===== Supplied material
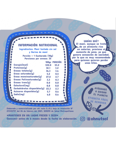 Elaborada de maní tostado + harina de maní, esta harina entrega un plus proteico al producto sin cambiar su sabor, pero reduce su cremosidad.
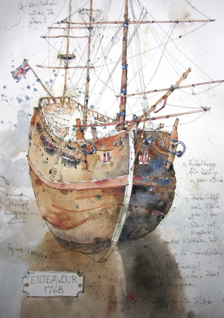 Holger – auf gealtertem Papier gemalt: Die alte Endeavour des James Cook
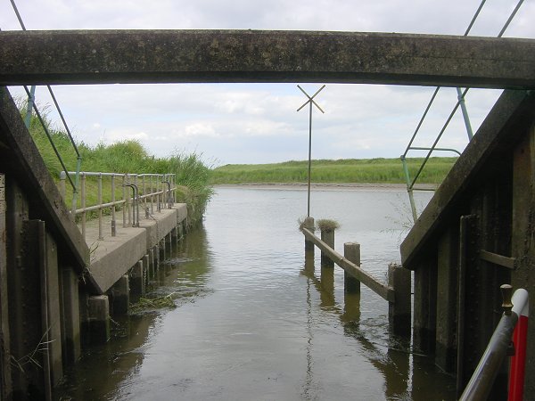 Salter's Lode Sluice. Tidal River Great Ouse / Well Creek.
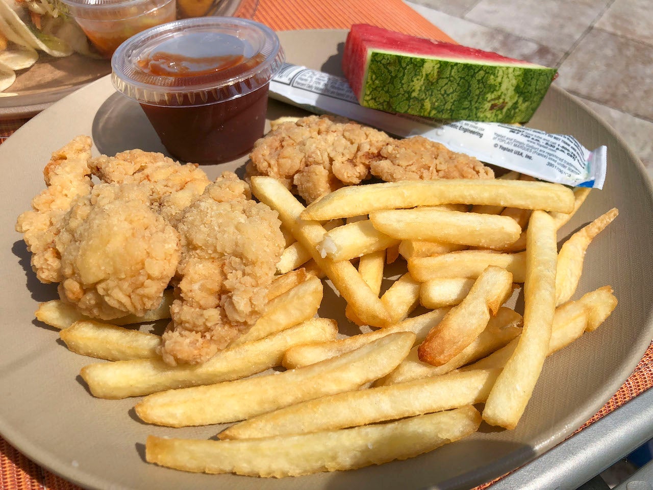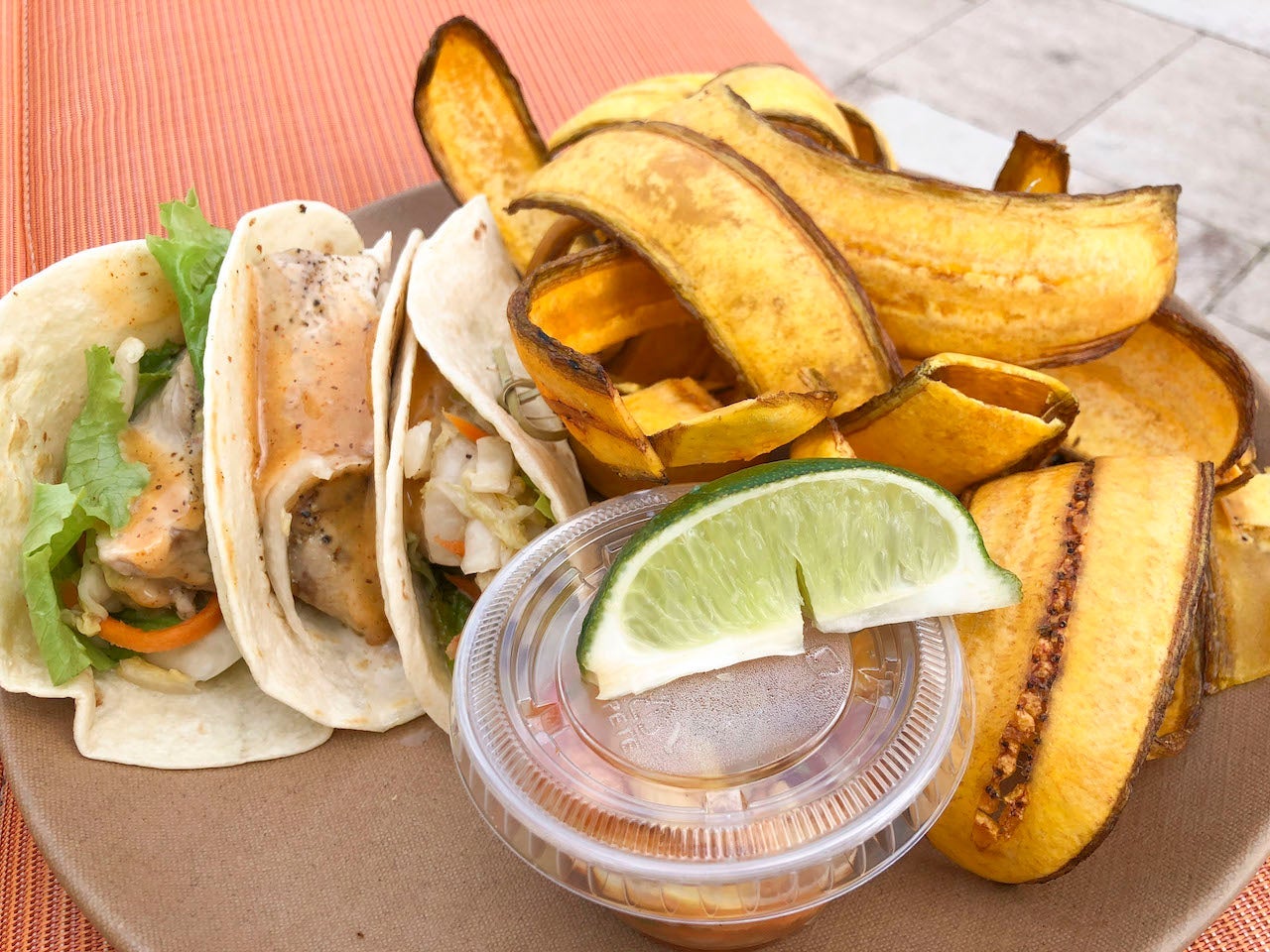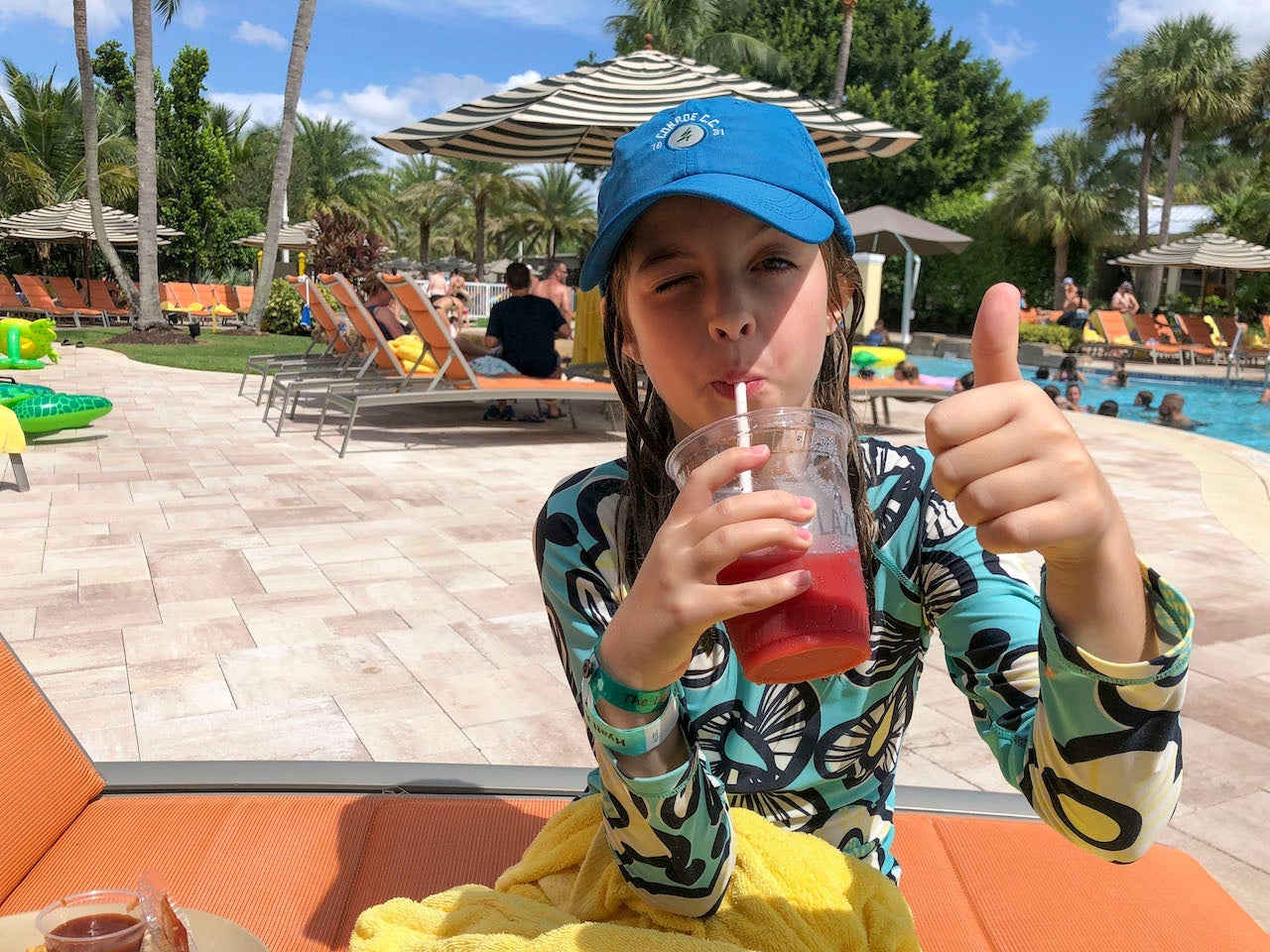 We enjoyed poolside chicken fingers and fries, a child's order of fruit, fish tacos with plantains (skip the tacos, get extra plantains) and a variety of smoothies and other cool beverages.
==========
» Aim of the task
Every line of the listing should be repeated exactly; no picture should appear.

» Exercise solution
 Elaborada de maní tostado + harina de maní, esta harina entrega un plus proteico al producto sin cambiar su sabor, pero reduce su cremosidad.
 Holger – auf gealtertem Papier gemalt: Die alte Endeavour des James Cook
 Salter's Lode Sluice. Tidal River Great Ouse / Well Creek.
 We enjoyed poolside chicken fingers and fries, a child's order of fruit, fish tacos with plantains (skip the tacos, get extra plantains) and a variety of smoothies and other cool beverages.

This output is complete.